Feb 24, 2026 · 15 min read · Maths for ML

Norms, Distances, and Similarity

In this series (15 parts)

A norm is a function that takes a vector and returns a single non-negative number telling you how “big” that vector is. It sounds simple, but this idea underpins regularization, loss functions, distance metrics, and similarity measures across all of machine learning.

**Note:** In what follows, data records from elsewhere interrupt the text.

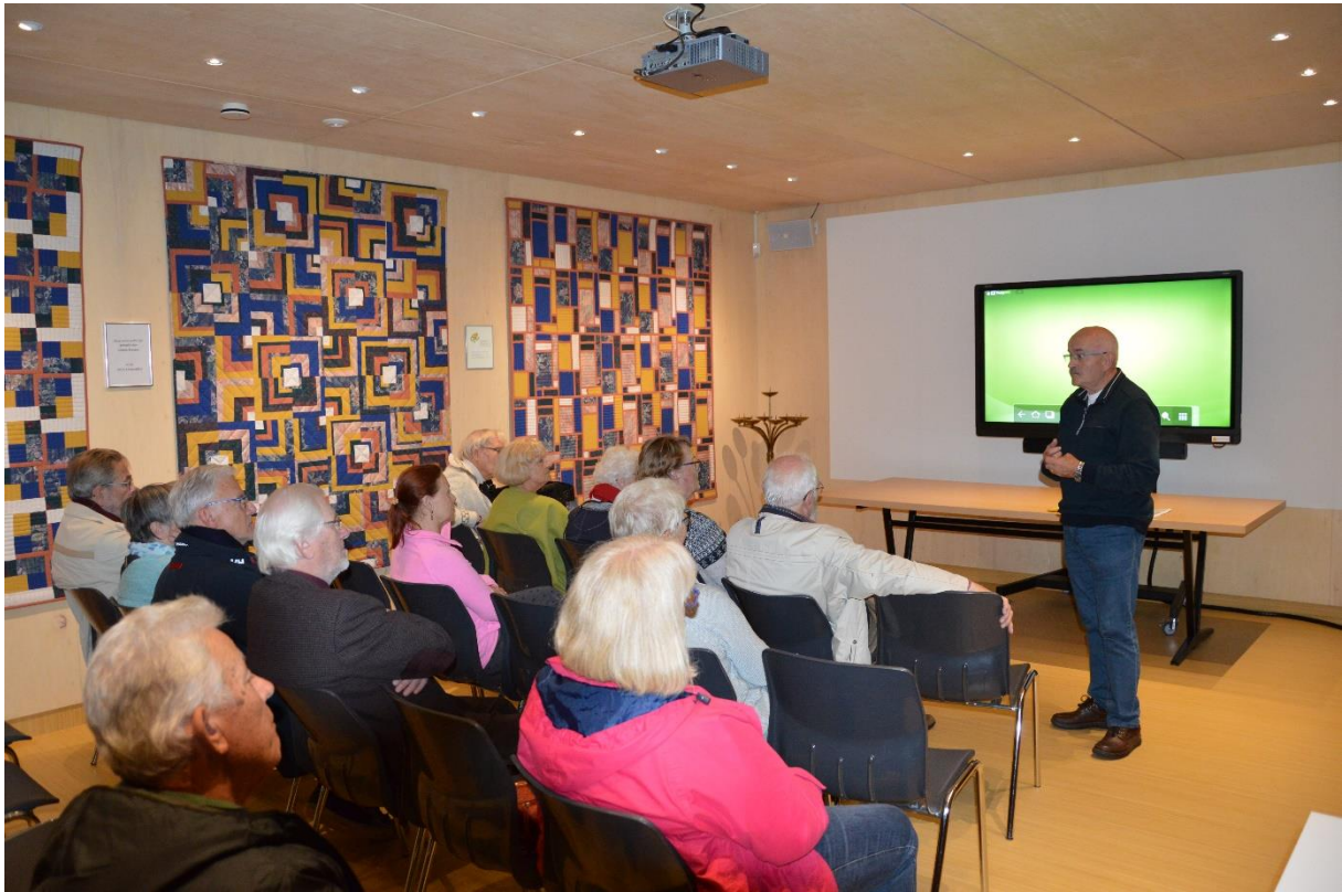
Een presentatie, uitleg met een video over de geschiedenis van de kerk.
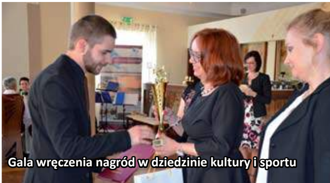
Gala wręczenia nagród w dziedzinie kultury i sportu
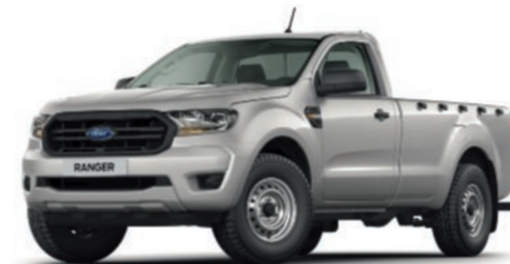
RANGER SINGLE CAB
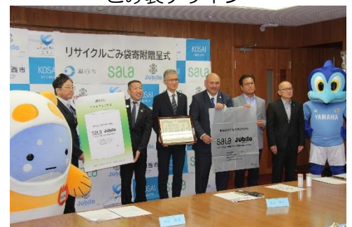
昨年度贈呈式の様子

Prerequisites: You should be comfortable with vectors and dot products.

What is a norm?

A norm $\|\mathbf{x}\|$ on a vector space must satisfy three properties:

Non-negativity: $\|\mathbf{x}\| \geq 0$ , and $\|\mathbf{x}\| = 0$ only if $\mathbf{x} = \mathbf{0}$
Scaling: $\|\alpha \mathbf{x}\| = |\alpha| \cdot \|\mathbf{x}\|$ for any scalar $\alpha$
Triangle inequality: $\|\mathbf{x} + \mathbf{y}\| \leq \|\mathbf{x}\| + \|\mathbf{y}\|$

These properties guarantee that norms behave like our intuition for “length.”

The $L_p$ norm family

The general $L_p$ norm of a vector $\mathbf{x} = [x_1, x_2, \ldots, x_n]^T$ is:

\|\mathbf{x}\|_p = \left( \sum_{i=1}^{n} |x_i|^p \right)^{1/p}

Different values of $p$ give different norms, and each has distinct geometric and practical properties.

$L_1$ norm (Manhattan norm)

\|\mathbf{x}\|_1 = |x_1| + |x_2| + \cdots + |x_n|

Sum of absolute values. Called the Manhattan norm because it measures distance like walking on a grid of city blocks. In ML, $L_1$ regularization (Lasso) pushes weights toward exactly zero, producing sparse models.

$L_2$ norm (Euclidean norm)

\|\mathbf{x}\|_2 = \sqrt{x_1^2 + x_2^2 + \cdots + x_n^2}

This is the “straight line” distance you learned in school. It is the most common norm in ML. $L_2$ regularization (Ridge) penalizes large weights but does not force them to zero. The $L_2$ norm is also directly related to the dot product: $\|\mathbf{x}\|_2 = \sqrt{\mathbf{x} \cdot \mathbf{x}}$ .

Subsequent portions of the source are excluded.